What we didn’t plan for was how to move all of our existing customer data into it.

The two database schemas were fairly different. Instead of multiple instances of each recipient (one for each list they’re on) we now had a single record for a recipient with a new table to track where they’re used, some details about them, responses or actions they’ve taken, and other peripheral tables. We could not simply dump each old table (we were replacing about 10 tables in the old system) and write to the tables in the new one: the data had to be transformed to fit the new schema.

We had two options: 1) transform the data during a dump on the source into the expected schema of the target, or 2) use the new system’s CRUD API to create everything over HTTP. We opted for the latter, and this turned out to be a big mistake.
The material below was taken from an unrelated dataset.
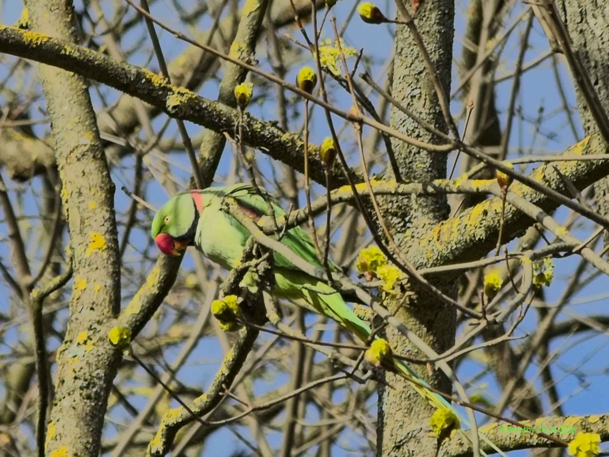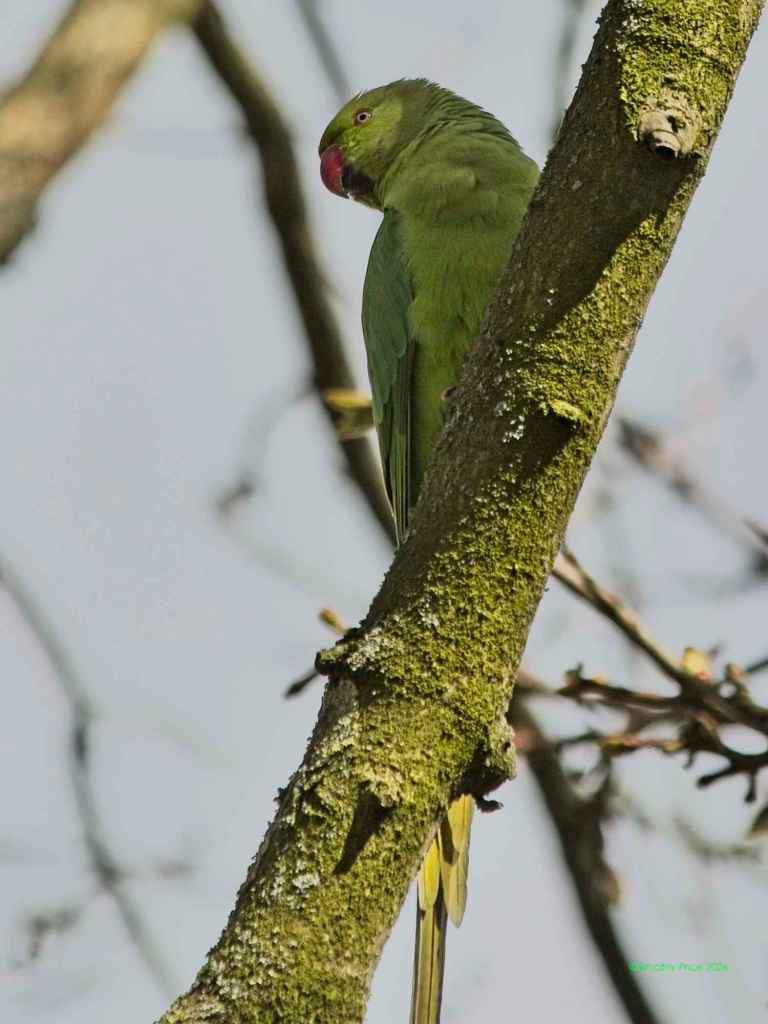 There were also Rose-ringed Parakeets in the trees. They are smaller than the two.

First, there was a lot of data. More data than we anticipated our customers would be sending, so we had network timeouts, slow queries, pegged CPU, memory issues, and I think more than once we tanked production by overloading the database.

Second, we had this (relatively insane) product constraint - we had to message customers at least 2 weeks before we switched them over to the new system. This meant that we either had to be air-tight that they would be able to “migrate”, or we had to “test run” the migration process, sift through the successes, and send out notifications to those customers.

With each iteration, we’d have additional successes and have to create blocks of time when we’d migrate these cohorts. Since we had staggering groups pass, we had many staggering windows during which we could migrate customers. And, almost more often then not, they’d pass the test run but fail the actual migration - either the schema had changed, or we ran into network hiccups that dropped a record, or the validation plan we came up with was fragile..

We tried to get this notification requirement removed, since it meant we’d be able to quickly iterate on a company. It fails? Ok, fix it and retry. But since it was baked into the contract and we had some angry customers in the past, that idea was squashed by the CEO. This meant that each failure meant we’d have to re-notify the company and push it out another two weeks. And the CEO wanted this whole project done yesterday because the system was built and why weren’t customers all moved over to it?

There is a light at the end of the tunnel. We fixed the network issues (10 minute timeouts), we fixed the slow queries (indexes, fine-tuning the concurrency and hardware), we fixed the validation errors (guessing correctly in the source what will be valid in the target), and we’re slowly getting better success rates with each attempted block of migrations. That’s good, because there’s mounting pressure from virtually everyone in the organization to get it done. If it is done within a month from today, I’ll still consider this a herculean success.

In retrospect, we should have gotten a copy of the production database and kept iterating on that until everyone passed a “test run” using production hardware. Then we send out a notification to everyone and be sure it’ll pass. Ultimately, this came down to testing in production which we should have realized was a bad idea.

When every company is successfully migrated, we’ll delete the code I’ve worked on for the last two months and it’ll be like this never happened at all.